(WORK TO COMPLETE) Please retype the records below exactly, from the first line through the line containing "Bei der Gewinn-Übergabe", and leave out any pictures.
* * * * * * * * *
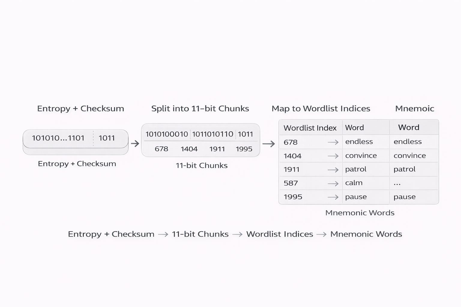 - 각 11비트 값(0~2047)을 사전 정의된 2048개 단어 목록의 인덱스로 매핑해 니모닉 단어를 만듭니다.
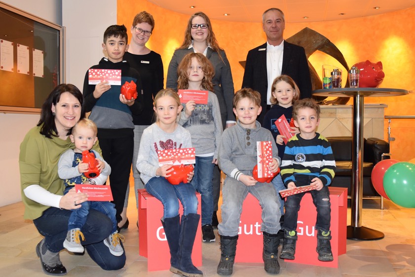 Bei der Gewinn-Übergabe wies Marktbereichsleiter Bernhard Mayer von der Sparkasse (Foto oben, hinten rechts) noch einmal auf die elementare Förderung des Hüpfburg-Events durch sein Geldinstitut hin und beglückwünschte die kleinen Gewinner gemeinsam mit seiner Stellvertreterin Martina Kreitmayr (hinten links) und Emily Staacke (hinten Mitte). Sie überreichte auch die Gutscheine für die Konto-Gutschriften: je einmal 200, 150, 100 und 50 Euro sowie sechs Mal 20 Euro. Luftballone und Sparschweine durften gab es obendrauf.
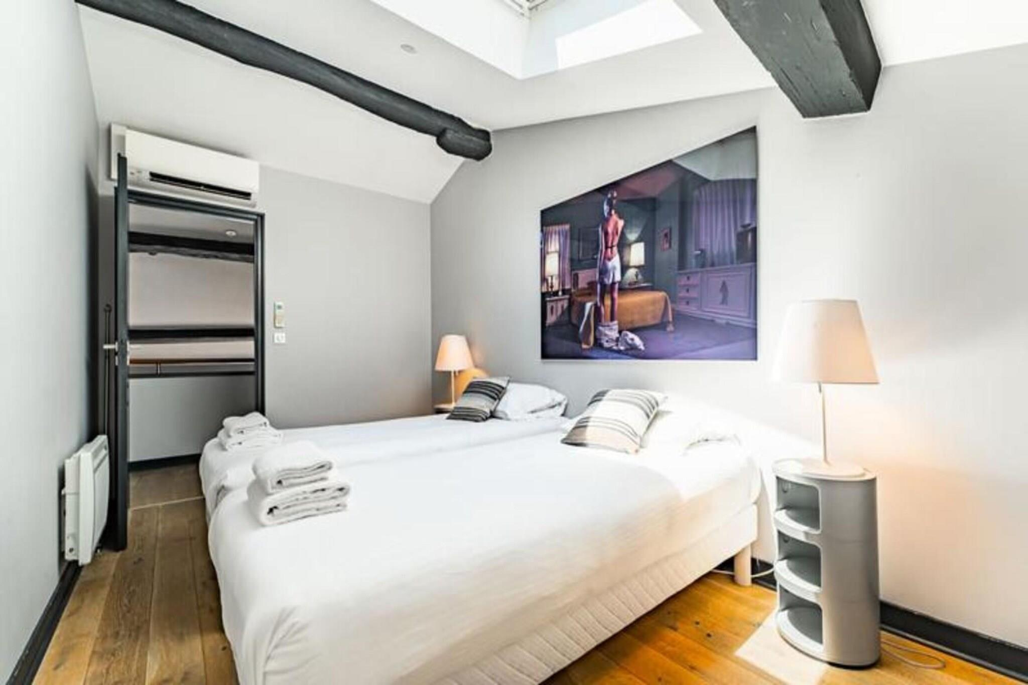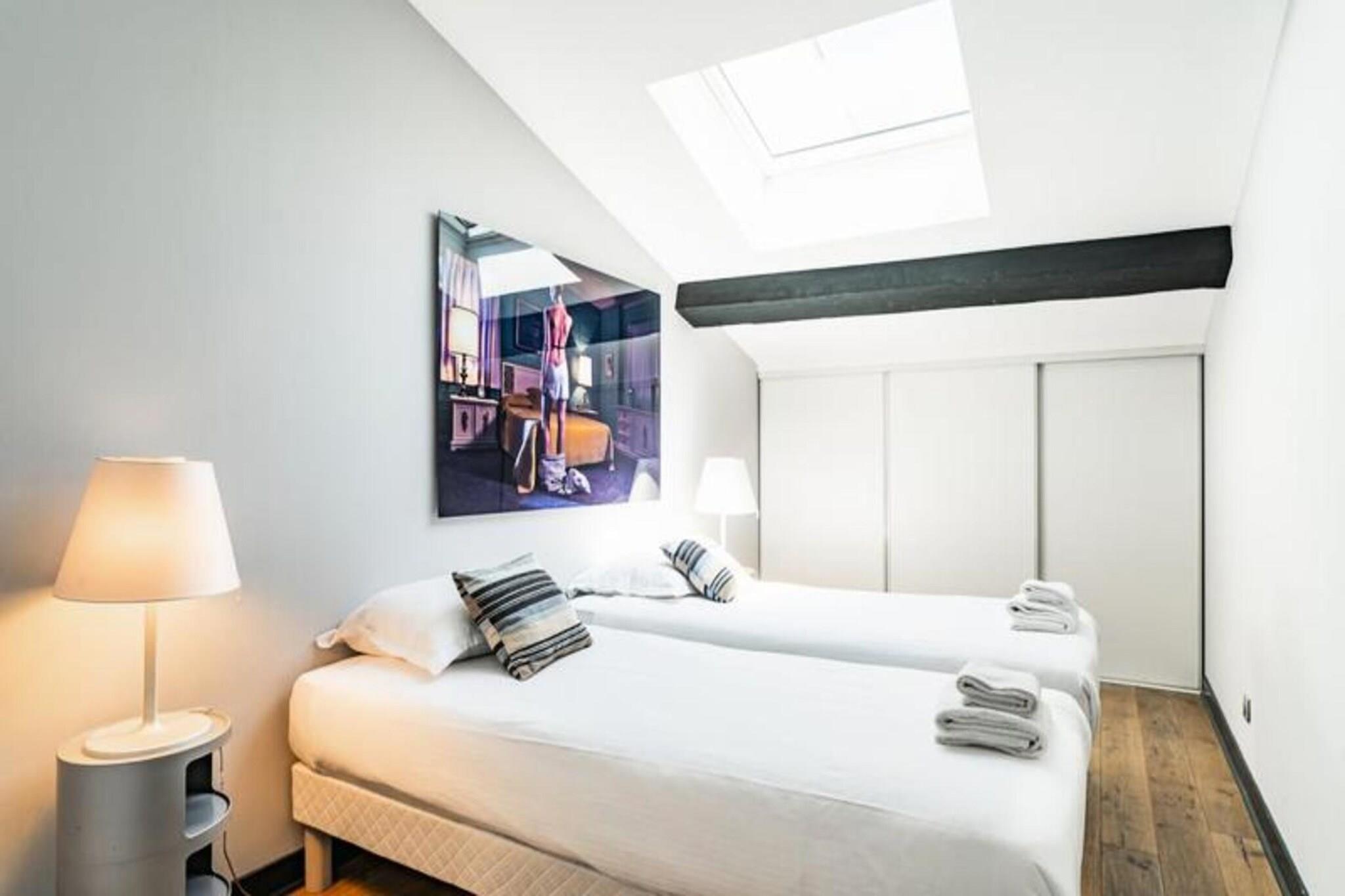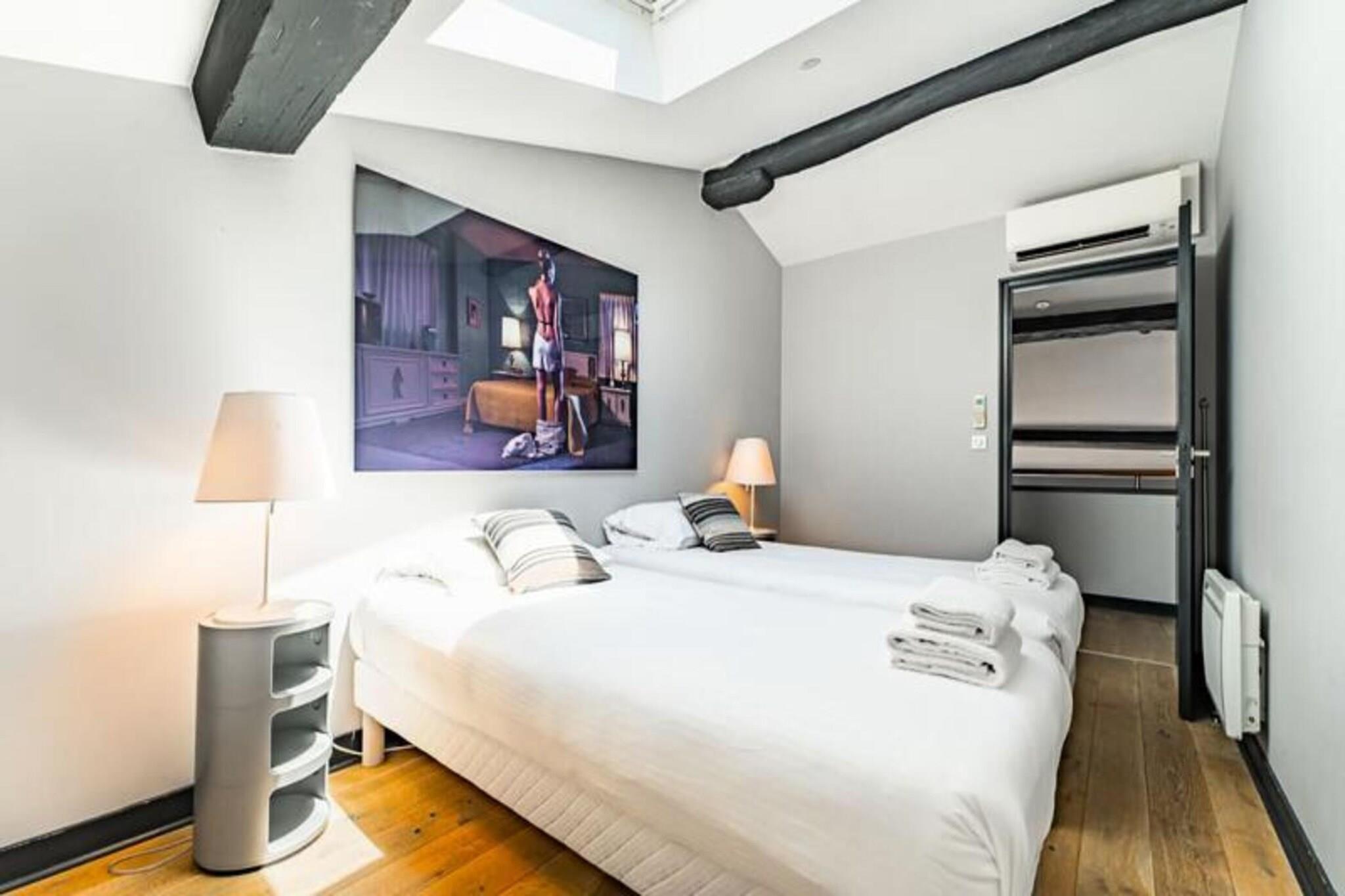 Denne stilfulde og rummelige møblerede duplex lejlighed til leje i Bordeaux tilbyder 97 m² komfort, beliggende på tredje sal i en smuk stenbygning uden elevator. Perfekt egnet til både korte og længere ophold, denne lejlighed inkluderer en parkeringsplads på Citée Mondiale parkeringsplads og har aircondition for ekstra komfort. Lejligheden er gennemtænkt designet med moderne bekvemmeligheder, herunder Wi-Fi og et tv i den store stue, som er indrettet med en sofa, to lænestole, et sofabord og et spisebord til 8 personer. Det fuldt udstyrede amerikanske køkken inkluderer en mikrobølgeovn, ovn, opvaskemaskine, køleskab/fryser, kogeplader, kedel, Nespresso kaffemaskine og brødrister, hvilket gør det nemt at tilberede måltider derhjemme. Lejligheden har tre soveværelser: et første soveværelse med en dobbeltseng (160x200 cm) og et stort påklædningsværelse, og to ekstra soveværelser på øverste etage, et med en dobbeltseng (160x200 cm) og et andet med to enkeltsenge (90x200 cm) ). Et brusebad og separat toilet er placeret på hver etage for ekstra bekvemmelighed. Lejligheden har også vaskemaskine, tørretumbler, strygejern og strygebræt, hvilket sikrer et behageligt ophold. Der er linned, og senge er redt ved ankomsten. Beliggende i hjertet af Bordeaux tilbyder denne lejlighed en ideel base for at udforske byen. Det berømte Museum of Contemporary Art (CAPC) er kun en kort gåtur væk, ligesom de maleriske kajer langs Garonne-floden, perfekt til naturskønne gåture. Lejlighedens centrale beliggenhed gør det nemt at få adgang til alle Bordeaux' pulserende attraktioner, herunder vinbarer, elegante caféer og historiske vartegn. Sporvogn B er bekvemt placeret lige foran lejligheden, hvilket giver nem adgang til byens største seværdigheder i komfort og fred. Lejligheden er udstyret med alt det nødvendige for et problemfrit ophold. Der kræves et sikkert depositum på EURO750, og beløbet behandles via et betalingslink med Swikly, som refunderes efter en vellykket udtjekning, forudsat at lejligheden returneres i god stand. Lejlighedens indtjekningstid er typisk fra 16.00 til 20.30, med fleksibilitet til rådighed mod et mindre tillæg, hvis du ønsker at tjekke ind senere. Bordeaux, der er kendt for sin sofistikerede stemning og vinkultur i verdensklasse, tilbyder en unik oplevelse med en blanding af historisk charme og moderne innovation. Som et UNESCO World Heritage Site siden 2007, er byen en must-see destination for alle, der brænder for fransk kultur, livsstil og fine vine.
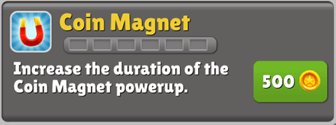 金币磁铁:看名字相信已经猜出,磁铁的作用就是吸取金币,当然只有获得更多的金币才能解锁角色,以及购买和升级道具。
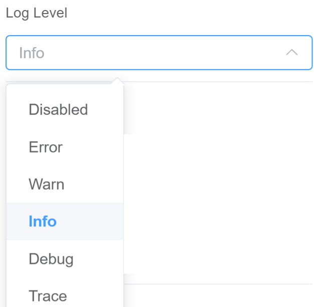 | Log Level | Log messages based on the severity of the event they describe, helping users prioritize and interpret the vast amount of information typically found in logs. 1.Disabled signifies is entirely turned off. No messages, regardless of their severity (error, warning, info, etc.), will be written to the log file. 2. Use Error log level that should be used when the application hits an issue preventing one or more functionalities from properly functioning. 3. Use Warn log for unexpected behavior happened inside the application, but it's continuing its work and the key business features are operating as expected. 4. Info An event happened, the event is purely informative and can be ignored during normal operations. 5. Use Debug level for troubleshooting or test environments to diagnose potential issues. 6. Trace Detailed code execution for deep debugging, ignored during normal operation. { label: 'Disabled', value: 5 }, { label: 'Error', value: 4 }, { label: 'Warn', value: 3 }, { label: 'Info', value: 2 }, { label: 'Debug', value: 1 }, { label: 'Trace', value: 0 } |
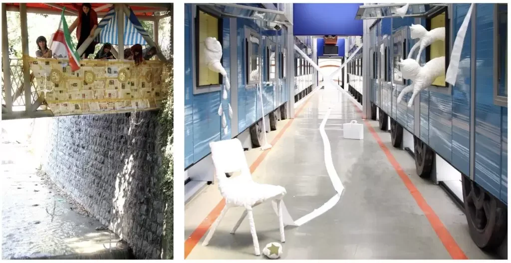 The urban interventions by the Tehran Carnival might be considered as belonging to a different experimental paradigm in post-studio, post-gallery practices, which doesn’t comprise engagement with specific issue-based or discursive content but is marked by relying on the inherent potentialities of the urban space and attempting to surprise and engage the audience, this time with whimsical, fanciful ideas. They mainly seek to dispose of the barriers and complications of the formal art world and at the same time challenge the urban surroundings. Their works hover between fine arts and street art, as they contain some of the characteristics of both models. Their spontaneous approach which did not seek to be licensed and/or sponsored, together with their direct interaction with the city space, is similar to the pattern of street art, while the fact that they are contemporary artists who once studied art, frequented art galleries and artistic communities, and got inspired by ideas shared in the global contemporary art community connects them to the art world.
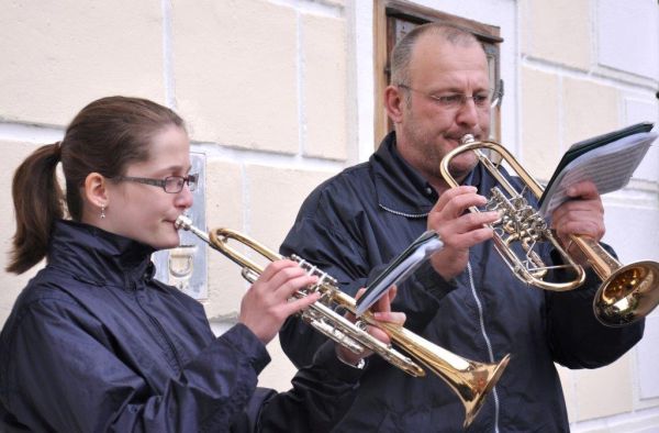 Der Spielmannszug traf sich um 13:30 Uhr beim Turnerheim, packte seine Instrumente ein und fuhr nach Kallham wo die kirchliche Trauung stattfand.
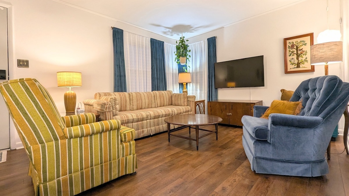 Welcome to @The209byRUE—our professionally designed downtown loft located on Main Street! At a full 1200 square feet, you'll enjoy the regular luxuries of a full-size home without sacrificing an incredible downtown location by being directly on Main St. near Jonesboro’s finest locations. Explore Downtown Jonesboro’s vibrant streets and good eats with this 2 Bed, 1 Bath loft as your base. The property is tastefully decorated with colorful artwork and luxury finishes throughout.
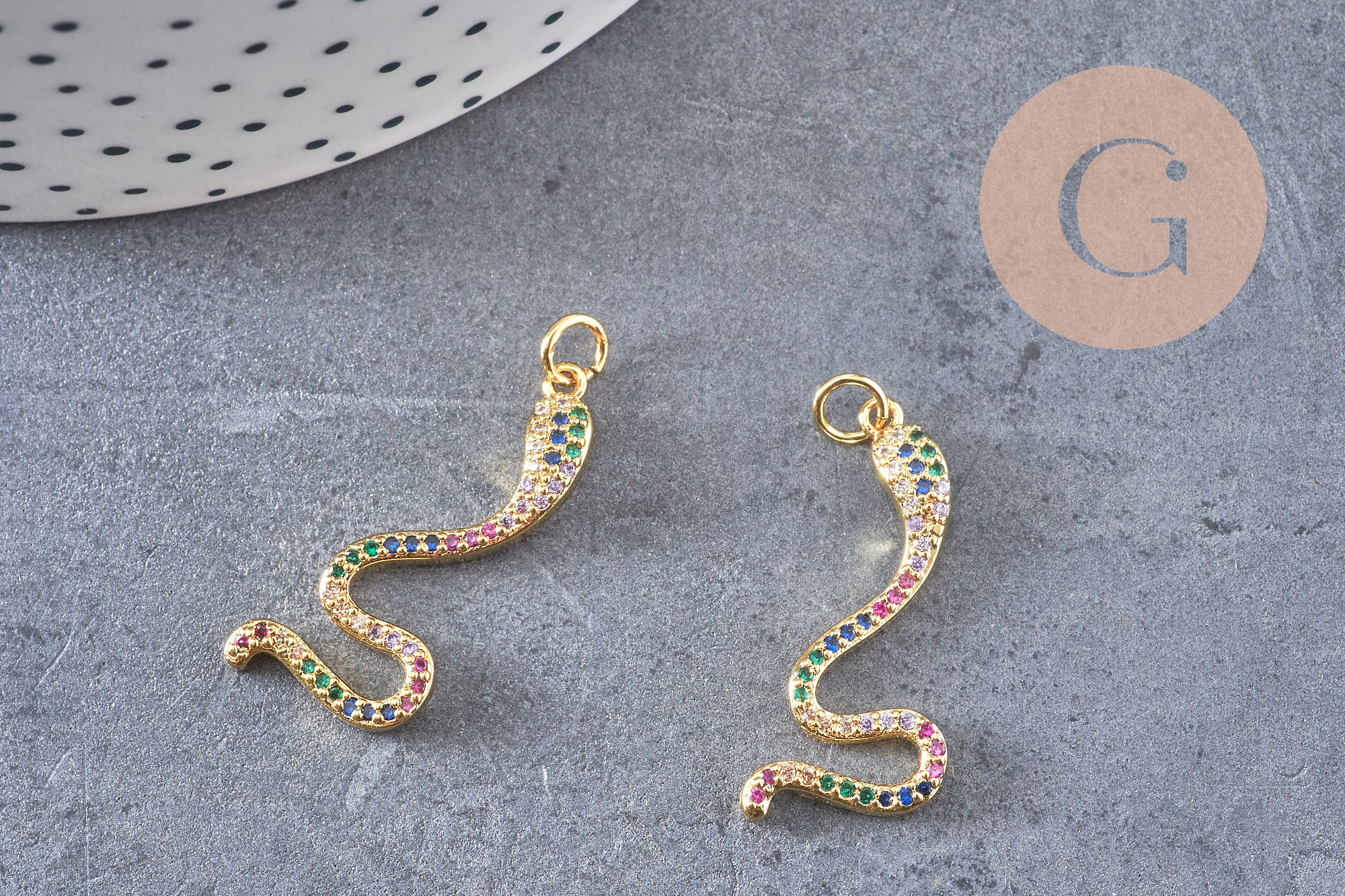 To make magnificent necklaces, earrings and bracelets, adopt these little golden brass snakes, decorated with small shiny rainbow zircons.
* * * * * * * * *
(OUTPUT OF THE EXERCISE)
 - 각 11비트 값(0~2047)을 사전 정의된 2048개 단어 목록의 인덱스로 매핑해 니모닉 단어를 만듭니다.
 Bei der Gewinn-Übergabe wies Marktbereichsleiter Bernhard Mayer von der Sparkasse (Foto oben, hinten rechts) noch einmal auf die elementare Förderung des Hüpfburg-Events durch sein Geldinstitut hin und beglückwünschte die kleinen Gewinner gemeinsam mit seiner Stellvertreterin Martina Kreitmayr (hinten links) und Emily Staacke (hinten Mitte). Sie überreichte auch die Gutscheine für die Konto-Gutschriften: je einmal 200, 150, 100 und 50 Euro sowie sechs Mal 20 Euro. Luftballone und Sparschweine durften gab es obendrauf.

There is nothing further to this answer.